Every line in the records below between the one holding "г/м², 100%-ный хлопок" and the one holding "সশস্ত্র বাহিনী দিবস", inclusive, is to be set down exactly; all other lines are to be left out.

• Dataset records:
________________________
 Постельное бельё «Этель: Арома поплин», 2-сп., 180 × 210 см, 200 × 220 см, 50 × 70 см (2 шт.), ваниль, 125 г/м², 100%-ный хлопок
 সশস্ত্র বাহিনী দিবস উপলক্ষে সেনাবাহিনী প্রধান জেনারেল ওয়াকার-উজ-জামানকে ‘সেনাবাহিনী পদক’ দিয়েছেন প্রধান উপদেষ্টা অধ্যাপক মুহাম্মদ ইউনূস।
________________________
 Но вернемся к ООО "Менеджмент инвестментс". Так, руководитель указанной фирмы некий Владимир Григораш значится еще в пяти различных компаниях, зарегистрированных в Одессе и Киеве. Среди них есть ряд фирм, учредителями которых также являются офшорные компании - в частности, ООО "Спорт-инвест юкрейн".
________________________
• Finished exercise:
 Постельное бельё «Этель: Арома поплин», 2-сп., 180 × 210 см, 200 × 220 см, 50 × 70 см (2 шт.), ваниль, 125 г/м², 100%-ный хлопок
 সশস্ত্র বাহিনী দিবস উপলক্ষে সেনাবাহিনী প্রধান জেনারেল ওয়াকার-উজ-জামানকে ‘সেনাবাহিনী পদক’ দিয়েছেন প্রধান উপদেষ্টা অধ্যাপক মুহাম্মদ ইউনূস।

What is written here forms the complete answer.